_Assignment_.
Under this line are records; the part from the line containing "Celebrate your heritage" through the line containing "Young, fresh and" should be repeated exactly. Please exclude pictures.

Records from a data collection
-----

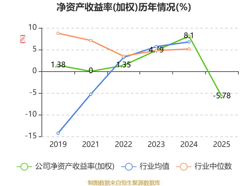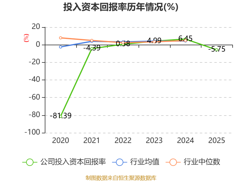 数据显示,2025年公司加权平均净资产收益率为-5.78%,较上年同期下降13.88个百分点。公司2025年投入资本回报率为-5.75%,较上年同期下降12.2个百分点。
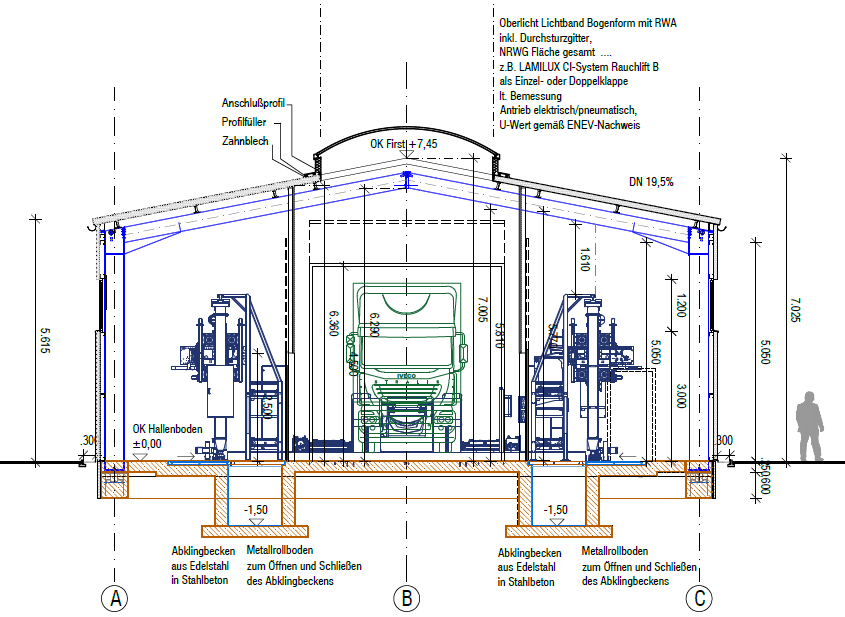 - Ein- und Ausfahrt beidseitig mit Rolltoren
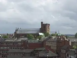 Carlisle Cathedral, formally the Cathedral Church of the Holy and Undivided Trinity in Carlisle,[2] is a Grade I listed Anglican cathedral in the city of Carlisle, Cumbria, England. It was founded as an Augustinian priory and became a cathedral in 1133. It is also the seat of the Bishop of Carlisle.[3]
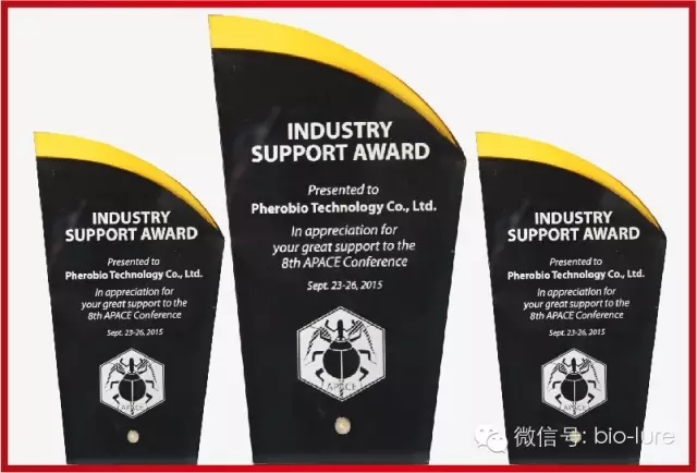 【交流】2015 年9 月,受邀參加在美國加利福尼亞州舉辦的第8屆亞太化學生態(tài)學會,作大會報告,并獲頒“Industry Support Award”獎。
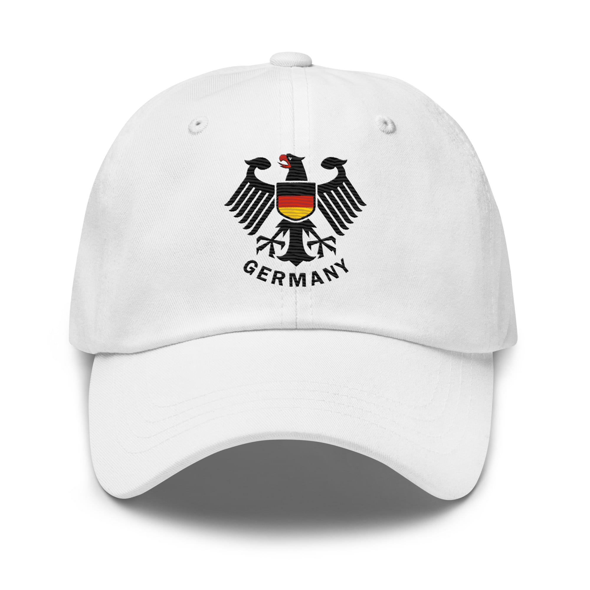Celebrate your heritage and style with our premium Germany Eagle Emblem Embroidery Dad Hat. This high-quality cap features a detailed, multi-thread embroidery of the iconic German federal eagle (Bundesadler) on the front panel, offering a bold and classic statement.
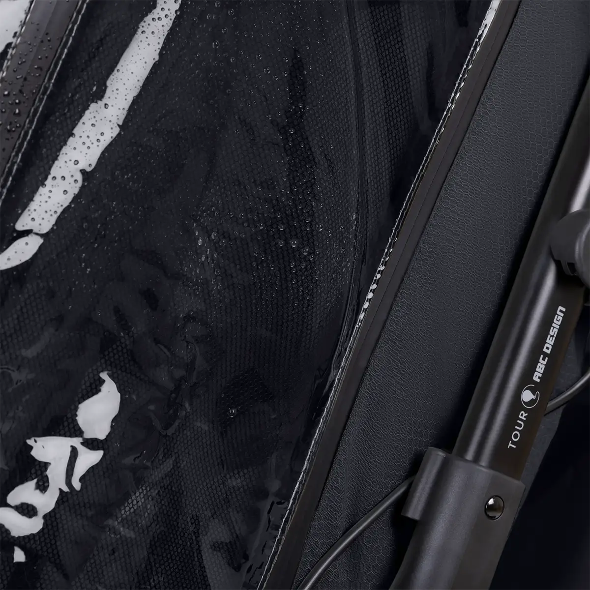 Pateicoties viegli uzstādāmai stiprinājumu sistēmai, ieliktnis tiek droši piestiprināts ABC Design Tour piekabes sēdekļa daļā un ir viegli izņemams, kad nepieciešams. Tādējādi tas pārvērš velopiekabi par pirmo izturīgo bērnu ratiņu risinājumu, piemērotu arī nelīdzenai videi un meža takām.
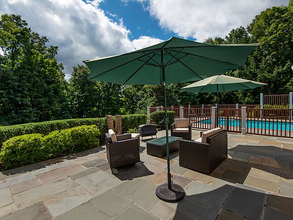 Young, fresh and spacious shingle style colonial with beautiful heated gunite pool. Chappaqua schools. Gated, private tree lined property with a long estate-like entrance, this home has 10' ceilings, three fireplaces and all hardwood floors. Fabulous white chef's kitchen with new backsplash and lighting. Top of the line appliances with Subzero refrigerator and wine cooler, Thermador professional 6 burner cooktop, double wall ovens and Fisher Paykel double drawer dishwashers. Finished lower level with gym, media room, nanny's room, full bath and French doors out to the pool and yard. Exterior shingle freshly stained and painted. Excellent layout with a first floor office and all 4 bedrooms on second floor with an additional sitting room/guest room (lives like a 5 bedroom). Huge walk up attic great for storage. Fantastic location and easy walk to train and town!
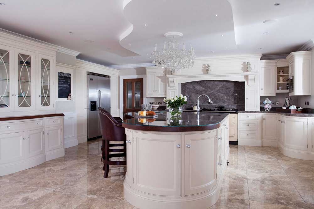In the images shared in this post which feature kitchens designed and created by O’Connors of Drumleck, you will notice the differences from curved edges and shapes, to the contrasting work surfaces within the islands. There are no rules here, and you can add appliances or not, according to your preference. It is handy to put a stove top into the island so that you can stir and chat at the same time, if it takes your fancy. And grouping the breakfast bar on one side, leaves you with plenty of storage space that can be accessed without battling through a sea of legs. Depending on the shape of your room, the kitchen island also acts as a divider between zones. Our kitchen designer can help you ensure that the island is not too big and works perfectly for your space, family and lifestyle.
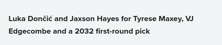 Sixers receive: Doncic, Hayes

-----

_Response area_.
Celebrate your heritage and style with our premium Germany Eagle Emblem Embroidery Dad Hat. This high-quality cap features a detailed, multi-thread embroidery of the iconic German federal eagle (Bundesadler) on the front panel, offering a bold and classic statement.
 Pateicoties viegli uzstādāmai stiprinājumu sistēmai, ieliktnis tiek droši piestiprināts ABC Design Tour piekabes sēdekļa daļā un ir viegli izņemams, kad nepieciešams. Tādējādi tas pārvērš velopiekabi par pirmo izturīgo bērnu ratiņu risinājumu, piemērotu arī nelīdzenai videi un meža takām.
 Young, fresh and spacious shingle style colonial with beautiful heated gunite pool. Chappaqua schools. Gated, private tree lined property with a long estate-like entrance, this home has 10' ceilings, three fireplaces and all hardwood floors. Fabulous white chef's kitchen with new backsplash and lighting. Top of the line appliances with Subzero refrigerator and wine cooler, Thermador professional 6 burner cooktop, double wall ovens and Fisher Paykel double drawer dishwashers. Finished lower level with gym, media room, nanny's room, full bath and French doors out to the pool and yard. Exterior shingle freshly stained and painted. Excellent layout with a first floor office and all 4 bedrooms on second floor with an additional sitting room/guest room (lives like a 5 bedroom). Huge walk up attic great for storage. Fantastic location and easy walk to train and town!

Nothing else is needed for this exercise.